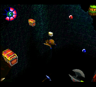 On the left side of the first area, there are three gems near the water, leading into a cave. Since you can't swim in these waters until the Evil Ghost Pig is defeated, I've chosen to skip these gems for now (even though they can be grabbed with the Grapple or just by allowing yourself to drown).
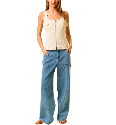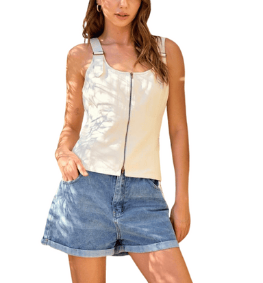 This cotton twill top features a flattering double scoop neckline, adjustable buckle straps for a custom fit, and a front zip-up closure for a mode...
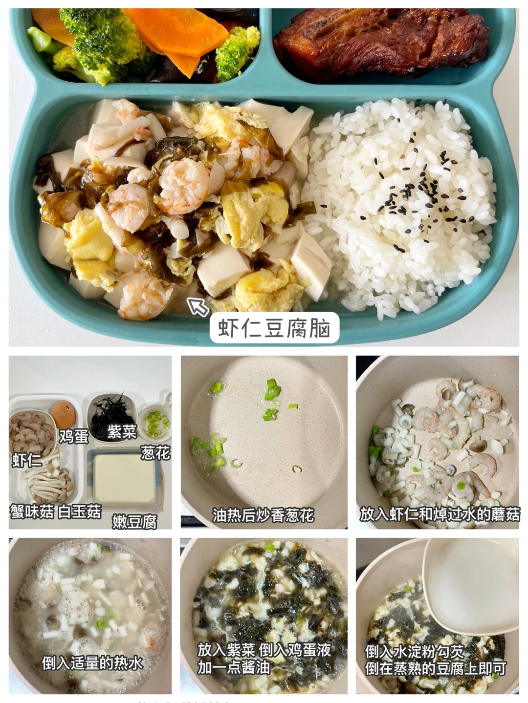 ✅周二:虾仁豆腐脑、西兰花胡萝卜小炒、红烧排骨、米饭
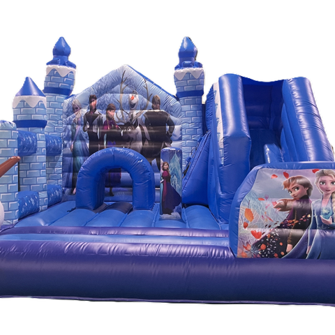 Hinta sisältää: pomppulinna, puhallin, alustapressu ja kiinnitystarvikkeet.
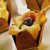 - Recheie as massas com o creme reservado, distribua as uvas e as fatias de figo e leve ao forno por mais 15 minutos, ou até dourar

□ □ □ □ □ □ □

● **TASK GOAL**:
From the line with "Hinta sisältää: pomppulinna, puhallin, alustapressu" down to the last line of the records above, restate each line verbatim, passing over any picture.

● **RESULT FOR THIS TASK**:
 Hinta sisältää: pomppulinna, puhallin, alustapressu ja kiinnitystarvikkeet.
 - Recheie as massas com o creme reservado, distribua as uvas e as fatias de figo e leve ao forno por mais 15 minutos, ou até dourar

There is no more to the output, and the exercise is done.